Florida generally has a prevailing Easterly wind. I forgot to mention Boat US insurance. Otherwise, Hello Sailor has reaffirmed my initial suggestion of going via the OWW. Good luck.


----------



## Skipper Jer (Aug 26, 2008)

We went around Florida several years ago. The trip was across Okeechobee, out to Fort Jefferson, back to Key West then up the ICW to Melbourne. I vowed to never ever go thru Miami/Fort Lauderdale via the ICW again. Too much congestion, bridge openings and very few places to anchor.


----------



## JollyRogers (Dec 23, 2015)

Thanks everyone for the helpful replies. The water way sounds like my plan at this point. Also i don't really have a time constraint but I am curious how long you think a trip like this would take? I'm calculating about 3 weeks if I'm modivated.


----------



## HeartsContent (Sep 14, 2010)

Brought my boat home from Stuart via the Okeechobee and had it "tipped" to get under the Myacca bridge. It was a very nice trip.

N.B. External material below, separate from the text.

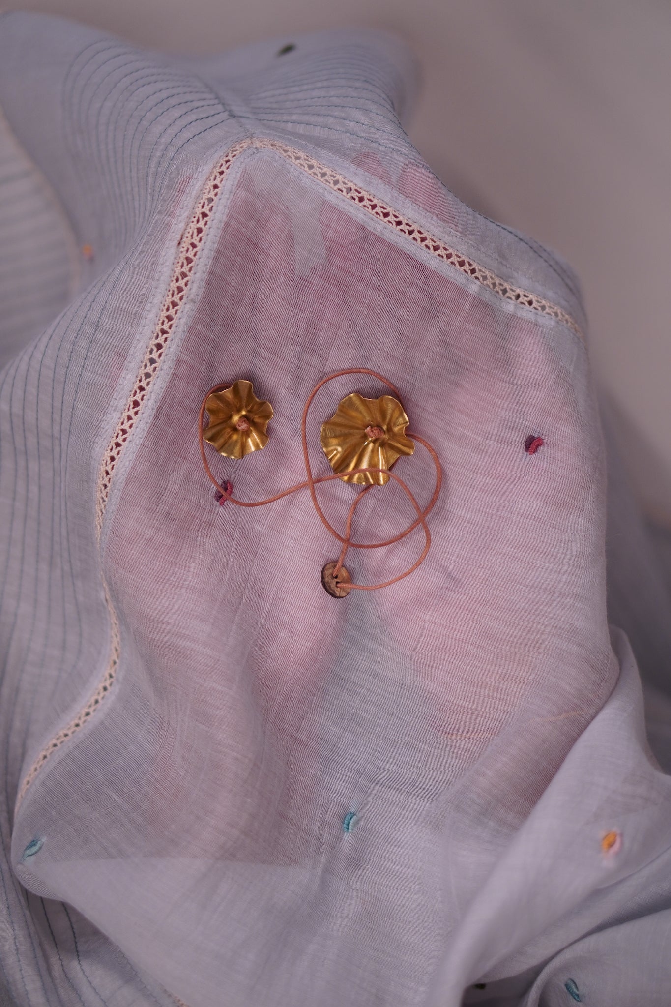 Long Scarf with Blue Stitch Lines: This 72*16 inches sheer Chanderi scarf unfolds, revealing a canvas of sophistication with light blue stitch lines resembling a tranquil sky. The magic lies in the details, with hexagon buttons at each corner accentuating the allure of this cool-toned masterpiece.
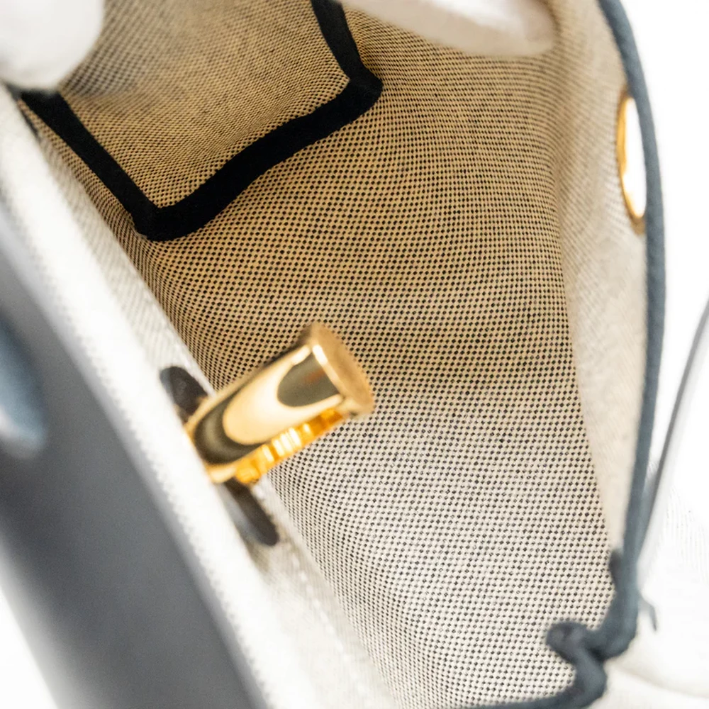 This Hermès Herbag Mini in Canvas and Cowhide leather in Black and Ecru with Gold Hardware stamp W combines boldness and versatility. The neutral Ecru and black hues, paired with gold hardware, offer a perfect balance of casual chic and sophisticated elegance.

I just didn't have the time to go around. If I did, I certainly would have.


----------



## fallard (Nov 30, 2009)

It took my wife and I five days to go from Clearwater Beach to Stuart (Manatee Pocket). Our stops were at Longboat Key (anchored), Venice (slip), Cape Coral (slip), in the waterway near Glades (anchored) and Indiantown Marina. We were on the first stage of a 1700 mile delivery trip to New England, so we didn't stop to smell the roses, nor were we into an endurance contest. All done during daylight hours.


----------